Despite being marred by discrepancies and questions about how COVID-19 affected the results, the Democratic primaries in multiple states (Illinois, Arizona, Florida, and Wisconsin) moved Joe Biden to securing the party’s nomination for president. This has happened at the same time as recent rape allegations against Biden have surfaced and during which he disappeared from public life for a period of a week while the nation was bracing itself for the spread of COVID-19. The dreams and aspirations of Bernie Sanders to carry his campaign into the fall and face off against Trump thus ended with his announcement Wednesday that he was discontinuing his presidential campaign.
Unquestionably there were a number of challenges that contributed to the fall of the campaign and there is no one thing that, had it been done differently, would have changed the outcome.

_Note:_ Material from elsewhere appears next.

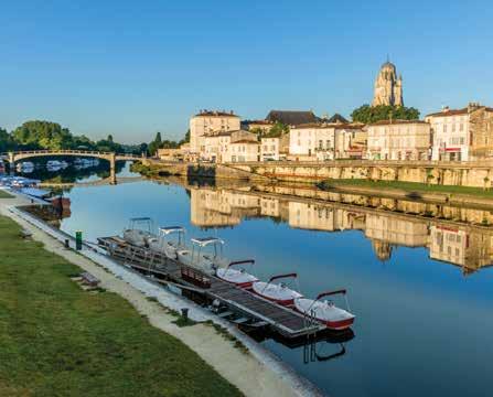 Rondleidingen – € 7 (tot 12 jaar gratis) - inl. bij het toeristenbureau. w Als je de streek bezoekt en langs de Charente reist, dan is de Pass Découverte Cognac-Saintes (zie blz. 38) de interessantste optie. De aanlegsteigers met rondvaartboten en kleine huurbootjes, en ook het vertrekstation van het toeristentreintje vind je op de rechteroever van de Charente, op de Place Bassompierre en de Esplanade Pierre-Mendès-France (B2).

With that said, after Super Tuesday, one element of the Sanders campaign has stood out as a factor that should be included in the analysis of his difficulty in taking on Biden. This element provides a valuable lesson about the kind of political sharpness that left insurgent campaigns will have to wage. It also reflects the kind of pulls and pressure that running a campaign for political office exerts to avoid certain important political fights. It is a cautionary tale. That lesson is: we gotta talk about Obama.

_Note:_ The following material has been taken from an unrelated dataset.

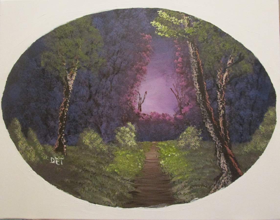 Painted on a 20 x 16 canvas with an oval cut out. The black paint ran some under the contact paper, so I had to add some white touch ups to the outside. I am happy with the painting overall. Some of the blending could be better, but I tried to get a soft misty scene. I added some bushes in the back to add some depth.
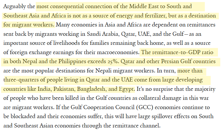 - destabilizing effects of disrupted migrant labor flows from the Gulf.

The Obama legacy is twofold. He is both the architect of today’s wretched neoliberal status quo and also the soft, feel-good friendly face to the callous, ineffectual reality of corporate centrist Democrats. When we ask what people still see in the Democrats during an age of crisis and polarization, Obama is what they see. Until the myth of his progressivism is punctured, centrists have gas in their tank.

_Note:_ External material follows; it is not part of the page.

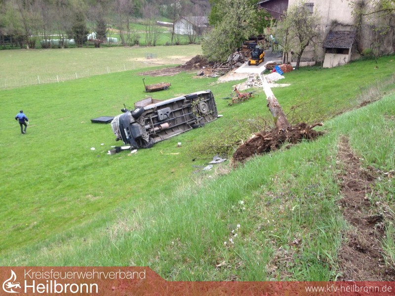 Beim Versuch gegen zu lenken verlor er die Kontrolle über den Transporter prallte gegen einen Baum, überschlug sich und stürzte die Böschung hinunter.

Sanders largely eschewed going after Obama’s legacy. There is a logic to this. Obama was a generally beloved president whose approval numbers were consistently positive during his two terms. His initial election in 2008 garnered record turnout numbers and did so among voters under thirty-five, crossing the 60 percent threshold of the youth vote that Kerry and Clinton could not. And even more importantly a wave of the Black electorate helped flip a number of southern states like North Carolina and Virginia that have recently been dominated by Republicans in national elections. His eight years lacked the kind of personal scandals that seem to be actually part of the qualifications to be president in this country. The narrative of finally having a Black president occupy a White House originally built by slaves had a poignant relevance for Black America.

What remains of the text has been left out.